The game is played over the course of five rounds comprising multiple turns, with players taking one main action–scanning nearby stars, analyzing collected data, researching technology upgrades, playing a card, or launching, orbiting, or landing a probe–and any free actions–spending energy to move a probe, completing missions, exchanging resources, moving data, buying cards, or completing free actions listed on a card they discard–they wish on their turn. Many actions also require a currency cost to complete. A round is completed when all players choose to pass on their turn. Players can launch probes, and move them through the solar system until they encounter a planet to either orbit or land on and collect data from. They may also scan space sectors from Earth to collect data, and receive rewards depending on the amount they contributed when a sector has been completely scanned. Data collected can be moved to a computer and analyzed in order to find traces of extraterrestrial life. If a player discovers enough alien traces by scanning, landing on planets, or analyzing data, then the corresponding alien board and unlock new cards and opportunities to score points. Players can also play cards based on real space projects, such as the Herschel Space Observatory and Mariner 10, which allow actions to be performed a reduced cost or with a bonus, or score victory points.

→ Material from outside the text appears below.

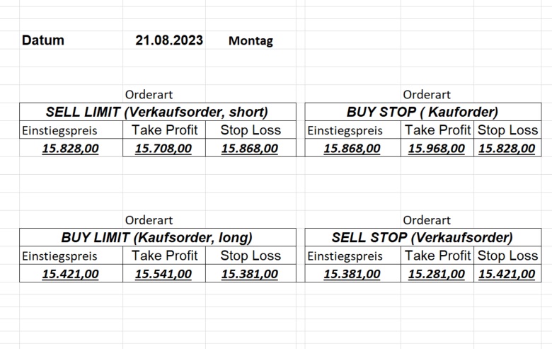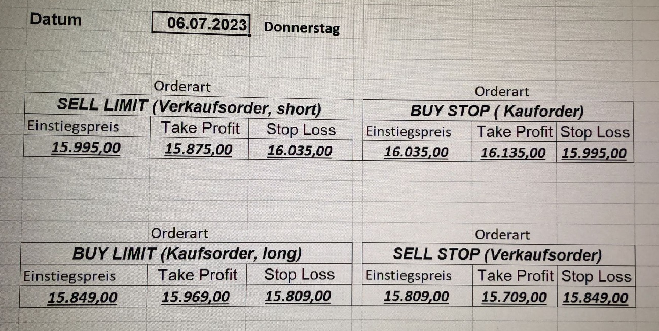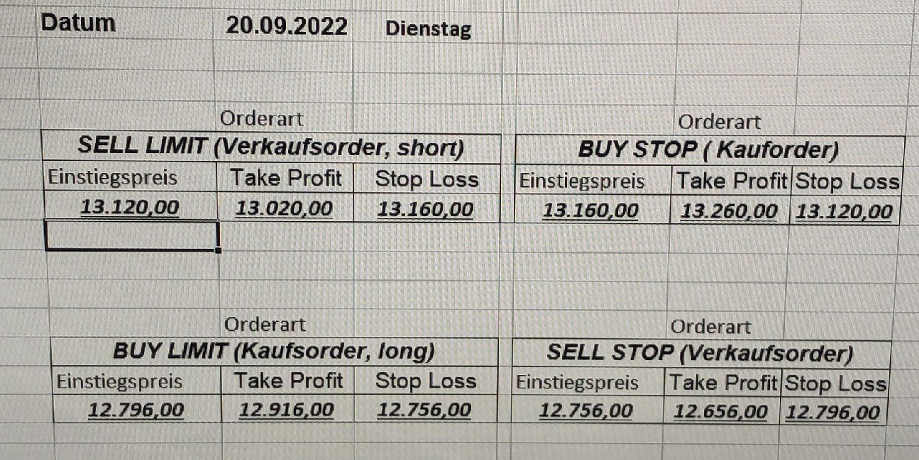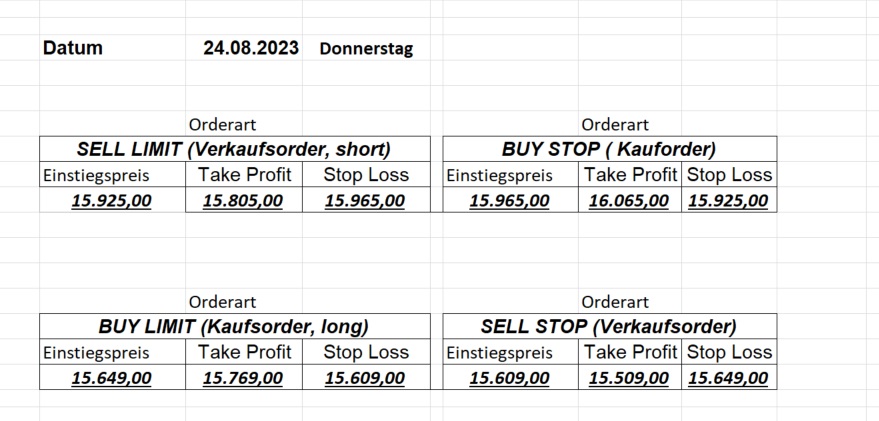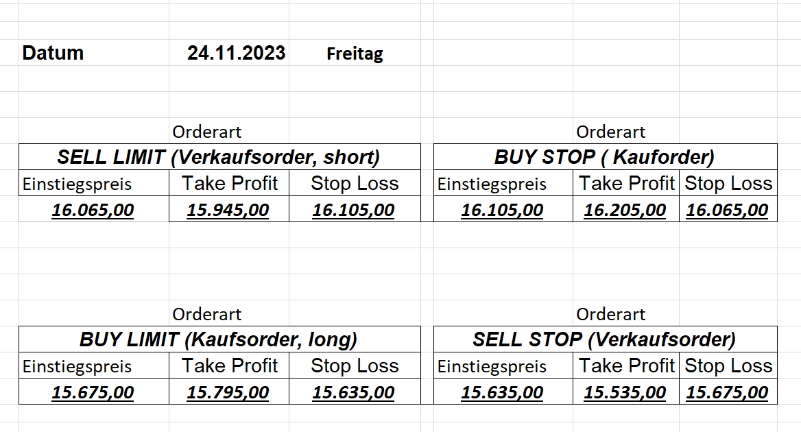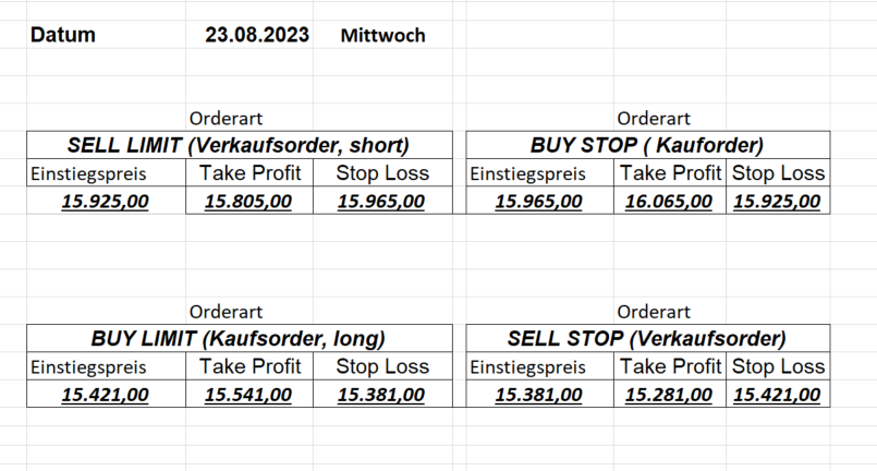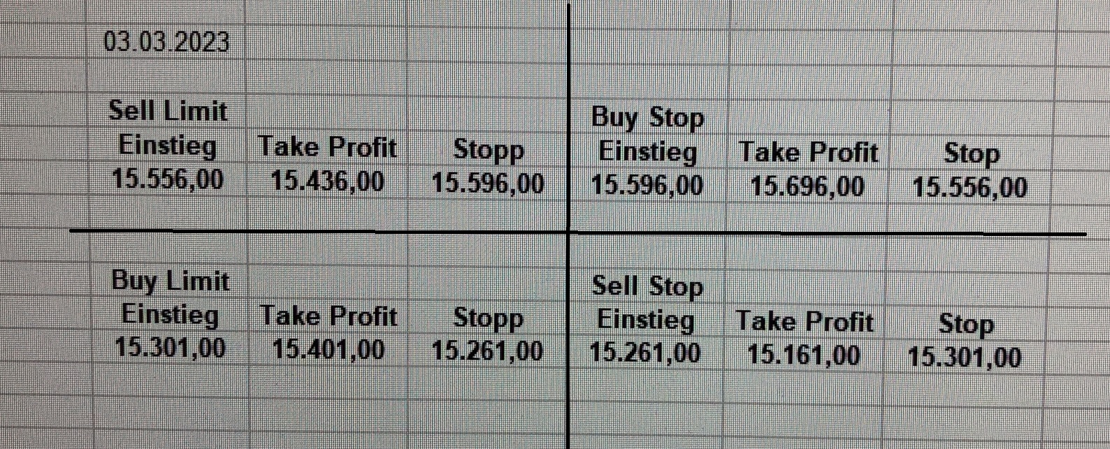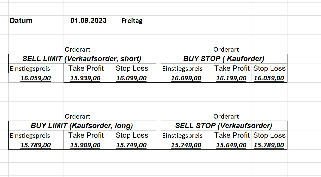 22.9.2023 Platzieren Sie die  Order bis 9:00 Löschen Sie bitte offene Order und Positionen um 21:45 ! Zur Frage der Punktgröße: Beispielrechnung: Bitte immer kurz auf den am weitest entfernten Stopp schauen. Diese Punktzahl sollte nicht mehr als 0,5% bis 1% des Kapitals ausmachen. 21.9.2023 Platzieren Sie die  Order bis 9:00 Löschen Sie bitte offene Order und Positionen um 21:45 ! Zur Frage der Punktgröße: Beispielrechnung: Bitte immer kurz auf den am weitest entfernten Stopp schauen. Diese Punktzahl sollte nicht mehr als 0,5% bis 1% des Kapitals ausmachen. 20.9.2023 Platzieren Sie die  Order bis 9:00 Löschen Sie bitte offene Order und Positionen um 21:45 ! Zur Frage der Punktgröße: Beispielrechnung: Bitte immer kurz auf den am weitest entfernten Stopp schauen. Diese Punktzahl sollte nicht mehr als 0,5% bis 1% des Kapitals ausmachen. 19.9.2023 Platzieren Sie die  Order bis 9:00 Löschen Sie bitte offene Order und Positionen um 21:45 ! Zur Frage der Punktgröße: Beispielrechnung: Bitte immer kurz auf den am weitest entfernten Stopp schauen. Diese Punktzahl sollte nicht mehr als 0,5% bis 1% des Kapitals ausmachen. So langsam kann ich wieder „kriechen“. Corona ist wirklich anstrengend. Zum FDAX: Wir haben ein Ergebnis: Es wird der „Kleine“ mit einem Euro pro Punkt. Wenn es weiter mit der Genesung vorangeht, werden wir am kommenden Montag endlich starten.  Achtung: Beim Buy Limit und beim Stopp Sell bitte die 16 durch 15 ersetzen. Also Buy Limit 15451 /15571/15411 Stopp Sell 15411/ 15311/ 15451 18.9.2023 Platzieren Sie die  Order bis 9:00 Löschen Sie bitte offene Order und Positionen um 21:45 ! Zur Frage der Punktgröße: Beispielrechnung: Bitte immer kurz auf den am weitest entfernten Stopp schauen. Diese Punktzahl sollte nicht mehr als 0,5% bis 1% des Kapitals ausmachen. 15.9.2023 Platzieren Sie die  Order bis 9:00 Löschen Sie bitte offene Order und Positionen um 21:45 ! Zur Frage der Punktgröße: Beispielrechnung: Bitte immer kurz auf den am weitest entfernten Stopp schauen. Diese Punktzahl sollte nicht mehr als 0,5% bis 1% des Kapitals ausmachen. 14.9.2023 Platzieren Sie die  Order bis 9:00 Löschen Sie bitte offene Order und Positionen um 21:45 ! Zur Frage der Punktgröße: Beispielrechnung: Bitte immer kurz auf den am weitest entfernten Stopp schauen. Diese Punktzahl sollte nicht mehr als 0,5% bis 1% des Kapitals ausmachen. 13.9.2023 Heute „spuckte“ das System keine tragfähigen Signale aus. Morgen geht es normal weiter!  12.9.2023

Players receive victory points for many different actions including playing some cards, completing missions, being the orbiting or landing on a planet, marking signals in space sectors, moving data, and researching technology, and the player with the most victory points at the end of the game is the winner.

== Reception ==
Polygon included SETI in their list of the best board games of 2024, with Charlie Theel describing it as "a contemplative game with layered strategy and sophisticated card play." Chris Marling, writing for Tabletop Gaming, noted that the game can run long with more than two players and that "the game can also feel too generous," but concluded that "SETI is a complex euro with a well-implemented theme and satisfying game arc, making it a must despite any length and ‘analysis paralysis’ concerns." In an article for GamesRadar+, Samantha Nelson rated the game 4/5 stars, praising its strategic gameplay, solo mode, and simulation of real-life SETI practices, but criticizing the playing length.

The game was nominated for the Heavy Strategy Board Game Award in the 2024 Origin Awards.